> [WHAT NEEDS TO BE DONE]
Return the data exactly, apart from leaving out the pictures.
*** Opening of DATA TO USE ***
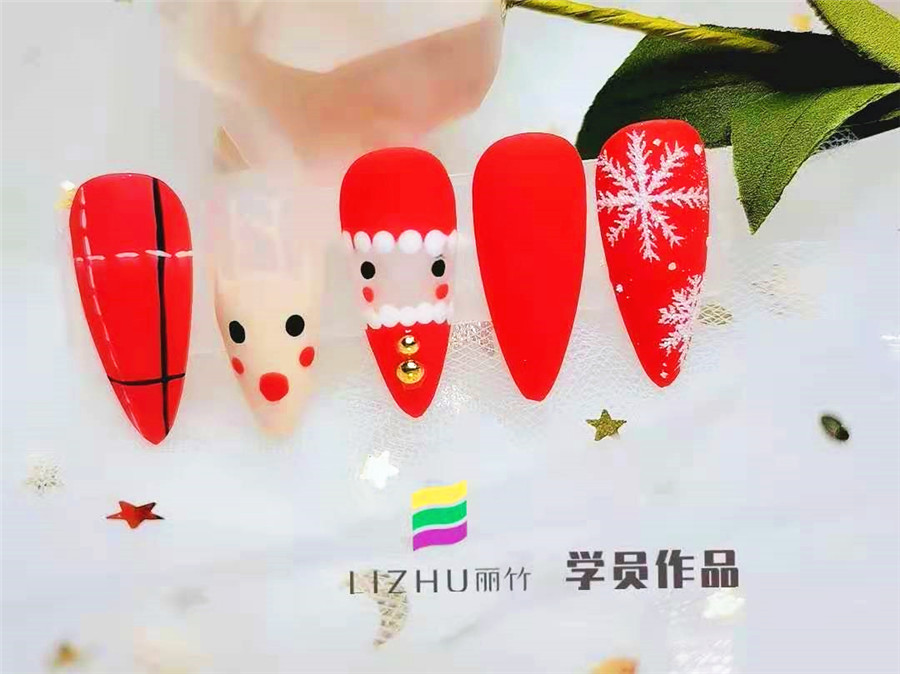 南寧美甲培訓學校分享:“叮叮當,叮叮當, 鈴兒響叮當”伴隨著歌曲,圣誕節(jié)也即將到來,小仙女們的美甲也是時候換上一個與節(jié)日相符的美甲款式了。下面,就看看南寧排行前十美甲學校(麗竹美甲學校)學員們創(chuàng)作的圣誕美甲作品吧!
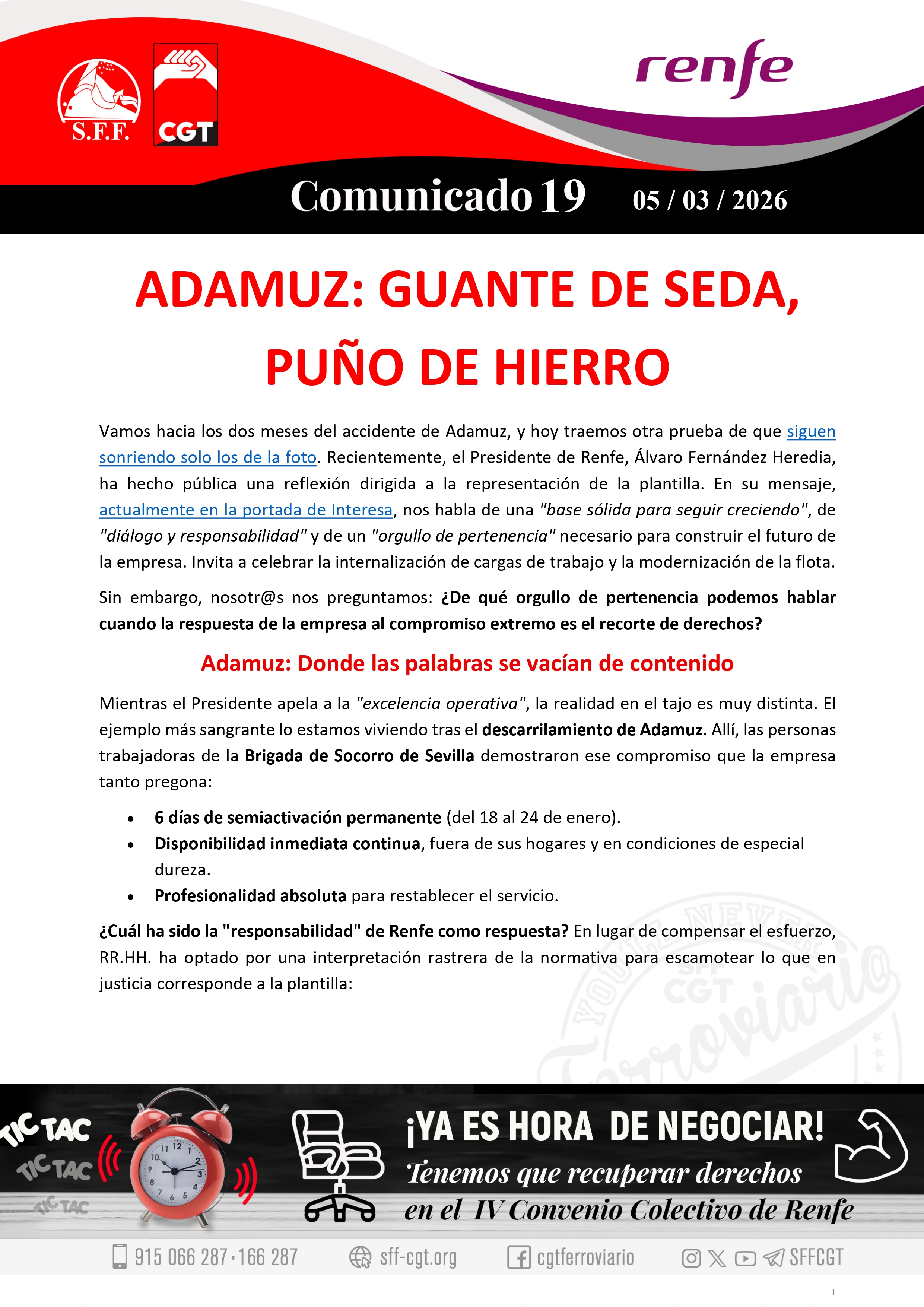 SECTOR 05/03/2026 | 18 ESTE 8M NO CELEBRAMOS COMPROMISOS VACÍOS | RENFE 04/03/2026 | 17 ¿Y LA SUBIDA SALARIAL? |
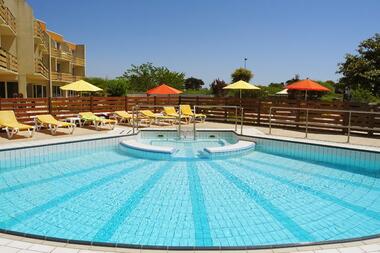 Les clients de l'hotel de la pointe de mousterlin sont également invités à utiliser une piscine et un restaurant de l'hôtel.
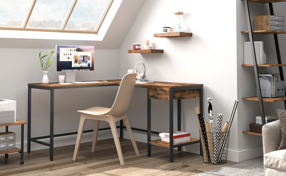 escritorio de computadora en forma de L, gran escritorio de esquina industrial, escritorio de oficina en casa con cajón y estante, Estudiar la estación de trabajo de PC, sostener 2 monitores, mesa de juego, robusto y estable, marrón rústico
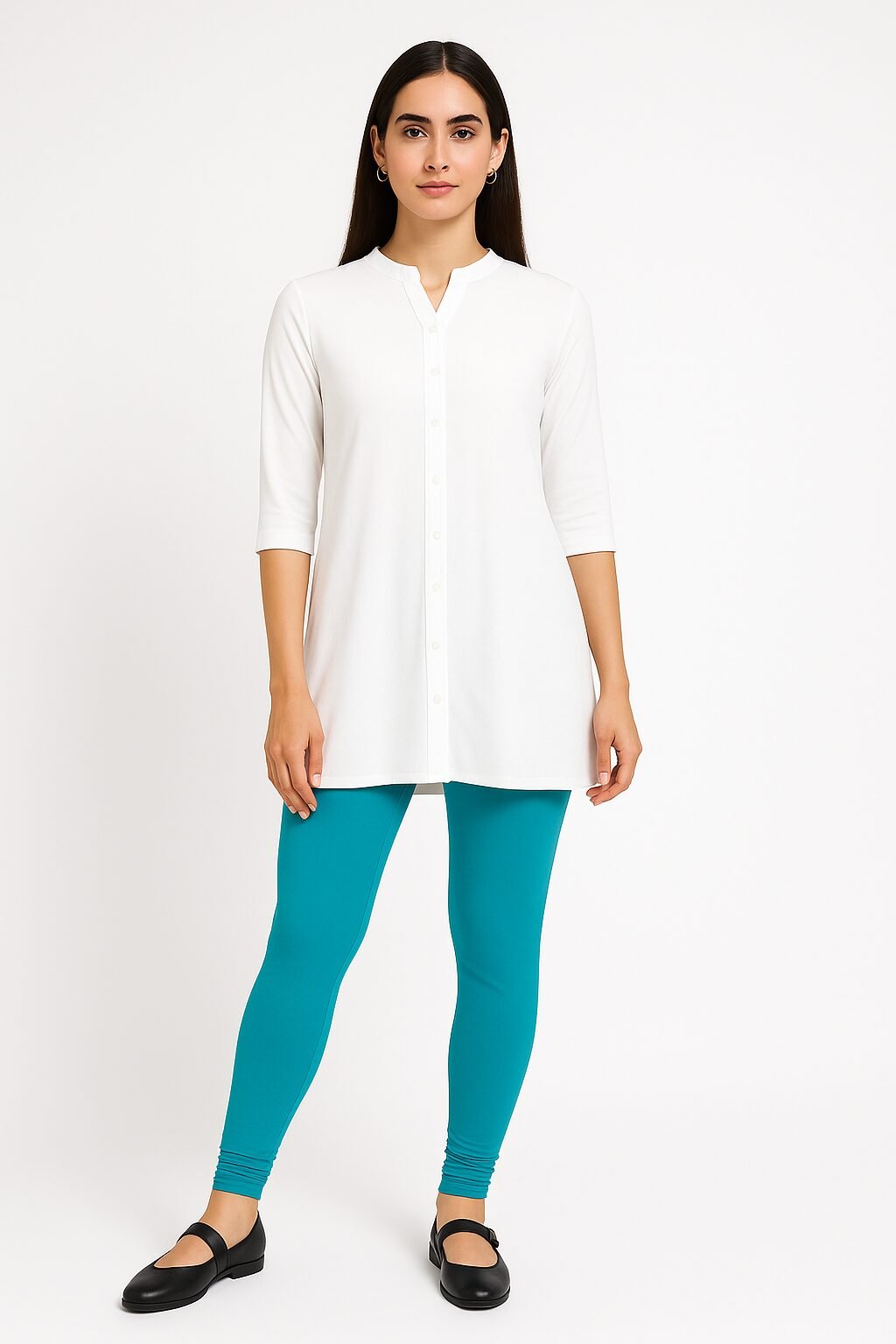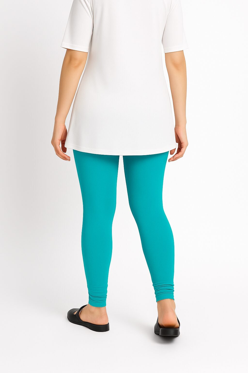The turquoise blue colour shade pairs beautifully with whites, blacks, beige, floral tops, and ethnic tops . Designed to move with you, these leggings stay in shape even after multiple washes. Whether you’re dressing up for a casual outing or styling for traditional events, these leggings bring confidence and charm to your look.
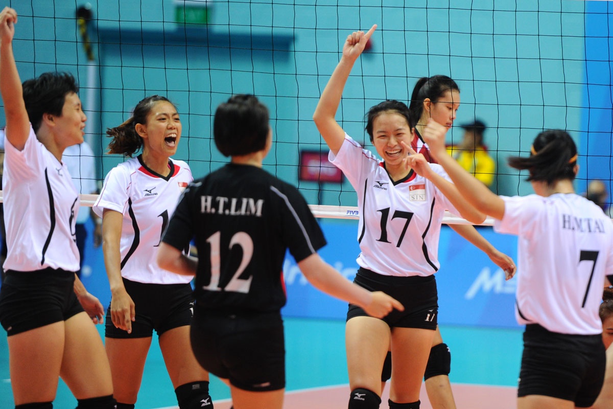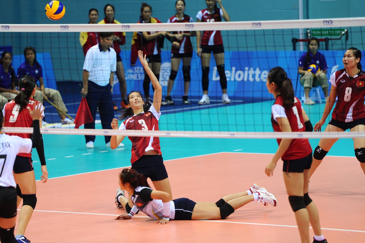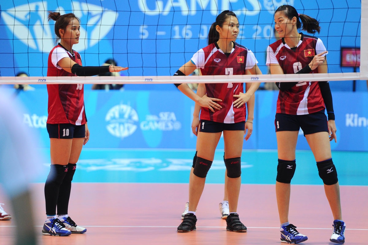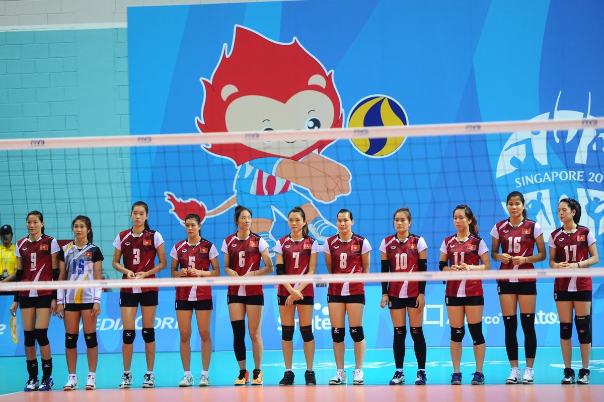 ĐT bóng chuyền nữ đánh bại chủ nhà Singapore với tỷ số 3-0 để vào chung kết gặp ĐT nữ Thái Lan ngày 15/6.
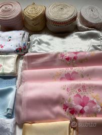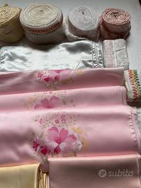 -pezze di raso in vari colori,tinta unita e con fiori rosa dipinti
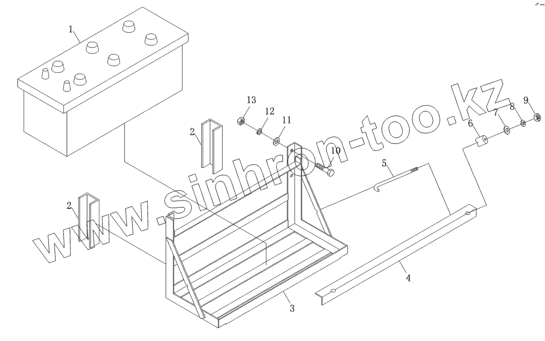 Каталог запасных частей к технике: Foton-BJ1039. Установка аккумулятора
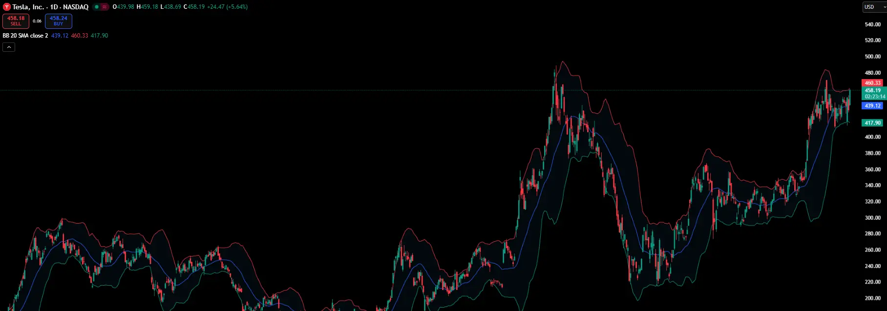 На момент написания, TSLA торгуется около $458 после роста более чем на 5% за день. Акции преодолели основные уровни сопротивления, и индикаторы моментума рисуют бычью картину. На дневном графике Индекс относительной силы (RSI) колеблется около 60 – значительно ниже зоны перекупленности – в то время как линия MACD пересекла сигнальную линию, что указывает на возобновление восходящей силы.
*** Close of DATA TO USE ***
> [ANSWER TO THIS TASK]
 南寧美甲培訓學校分享:“叮叮當,叮叮當, 鈴兒響叮當”伴隨著歌曲,圣誕節(jié)也即將到來,小仙女們的美甲也是時候換上一個與節(jié)日相符的美甲款式了。下面,就看看南寧排行前十美甲學校(麗竹美甲學校)學員們創(chuàng)作的圣誕美甲作品吧!
 SECTOR 05/03/2026 | 18 ESTE 8M NO CELEBRAMOS COMPROMISOS VACÍOS | RENFE 04/03/2026 | 17 ¿Y LA SUBIDA SALARIAL? |
 Les clients de l'hotel de la pointe de mousterlin sont également invités à utiliser une piscine et un restaurant de l'hôtel.
 escritorio de computadora en forma de L, gran escritorio de esquina industrial, escritorio de oficina en casa con cajón y estante, Estudiar la estación de trabajo de PC, sostener 2 monitores, mesa de juego, robusto y estable, marrón rústico
The turquoise blue colour shade pairs beautifully with whites, blacks, beige, floral tops, and ethnic tops . Designed to move with you, these leggings stay in shape even after multiple washes. Whether you’re dressing up for a casual outing or styling for traditional events, these leggings bring confidence and charm to your look.
 ĐT bóng chuyền nữ đánh bại chủ nhà Singapore với tỷ số 3-0 để vào chung kết gặp ĐT nữ Thái Lan ngày 15/6.
 -pezze di raso in vari colori,tinta unita e con fiori rosa dipinti
 Каталог запасных частей к технике: Foton-BJ1039. Установка аккумулятора
 На момент написания, TSLA торгуется около $458 после роста более чем на 5% за день. Акции преодолели основные уровни сопротивления, и индикаторы моментума рисуют бычью картину. На дневном графике Индекс относительной силы (RSI) колеблется около 60 – значительно ниже зоны перекупленности – в то время как линия MACD пересекла сигнальную линию, что указывает на возобновление восходящей силы.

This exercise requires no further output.